## What you should do
Only one stretch of the data should be retyped: the lines from the line containing "Freshly harvested vegetables" through the line containing "ガクアジサイのような花が特徴". Keep pictures out of it.

## Data records
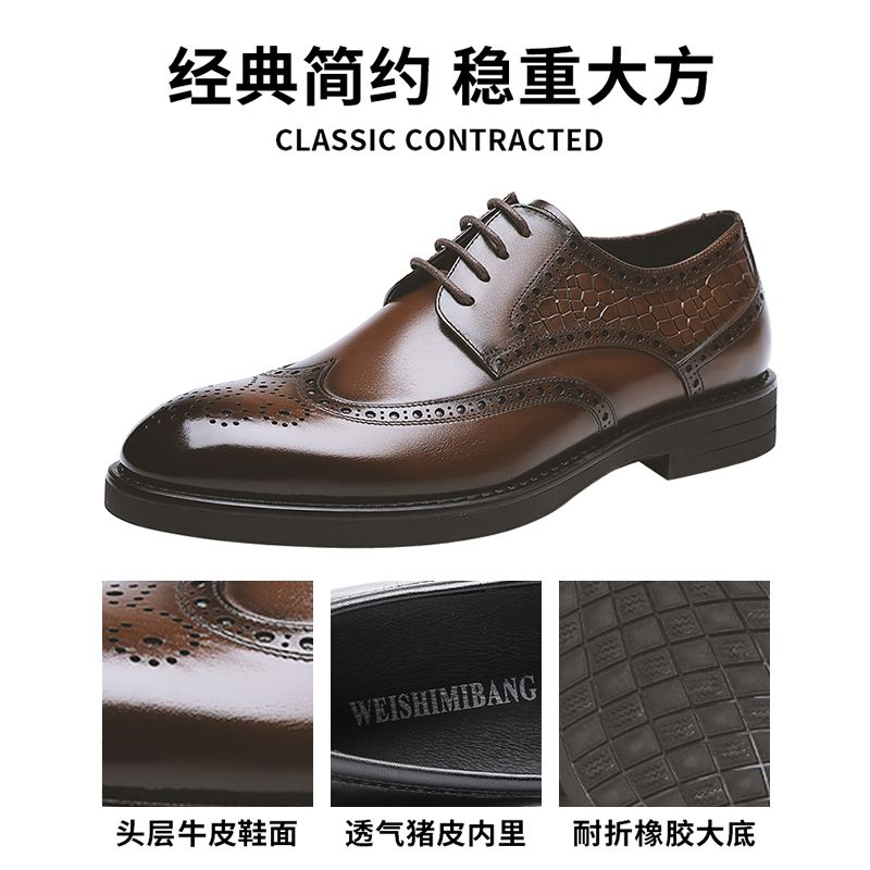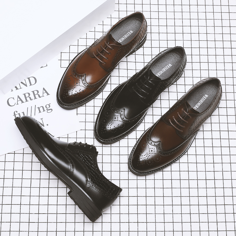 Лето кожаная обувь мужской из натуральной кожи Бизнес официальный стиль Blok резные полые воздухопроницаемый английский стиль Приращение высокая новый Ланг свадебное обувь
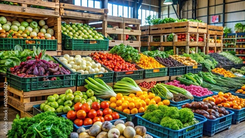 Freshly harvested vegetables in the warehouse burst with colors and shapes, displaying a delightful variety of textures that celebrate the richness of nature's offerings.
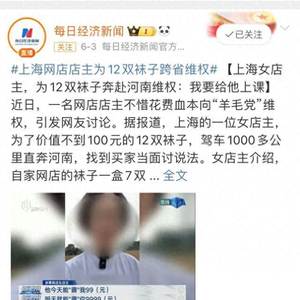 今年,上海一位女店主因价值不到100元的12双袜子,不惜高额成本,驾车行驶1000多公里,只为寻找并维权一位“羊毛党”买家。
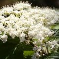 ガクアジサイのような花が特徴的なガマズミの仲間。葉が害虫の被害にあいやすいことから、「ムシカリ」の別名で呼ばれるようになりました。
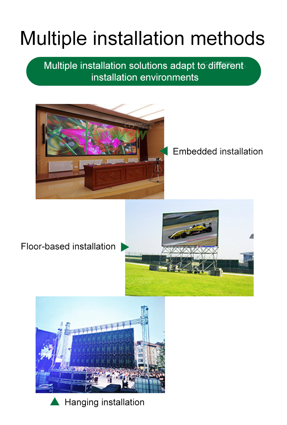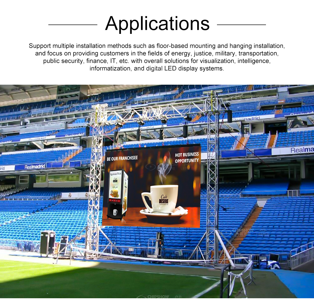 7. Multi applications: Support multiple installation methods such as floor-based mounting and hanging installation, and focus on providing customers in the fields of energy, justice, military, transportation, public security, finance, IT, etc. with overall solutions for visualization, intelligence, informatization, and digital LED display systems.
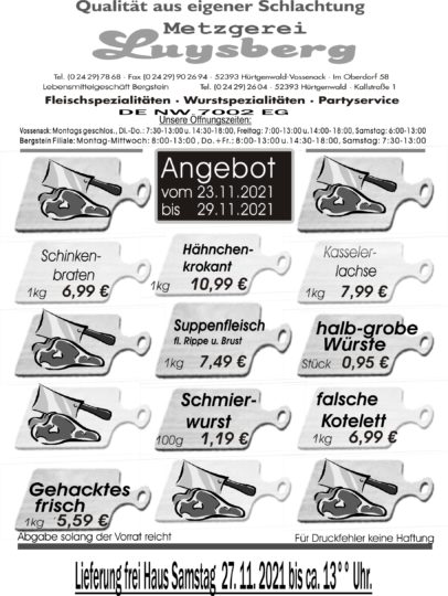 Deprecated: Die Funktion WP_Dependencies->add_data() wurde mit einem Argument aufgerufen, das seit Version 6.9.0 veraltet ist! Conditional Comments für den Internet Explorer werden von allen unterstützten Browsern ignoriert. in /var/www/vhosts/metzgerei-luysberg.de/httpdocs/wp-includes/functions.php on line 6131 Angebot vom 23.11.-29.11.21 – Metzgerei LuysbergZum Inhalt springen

...

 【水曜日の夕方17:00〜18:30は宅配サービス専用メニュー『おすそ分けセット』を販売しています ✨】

## Exercise result
 Freshly harvested vegetables in the warehouse burst with colors and shapes, displaying a delightful variety of textures that celebrate the richness of nature's offerings.
 今年,上海一位女店主因价值不到100元的12双袜子,不惜高额成本,驾车行驶1000多公里,只为寻找并维权一位“羊毛党”买家。
 ガクアジサイのような花が特徴的なガマズミの仲間。葉が害虫の被害にあいやすいことから、「ムシカリ」の別名で呼ばれるようになりました。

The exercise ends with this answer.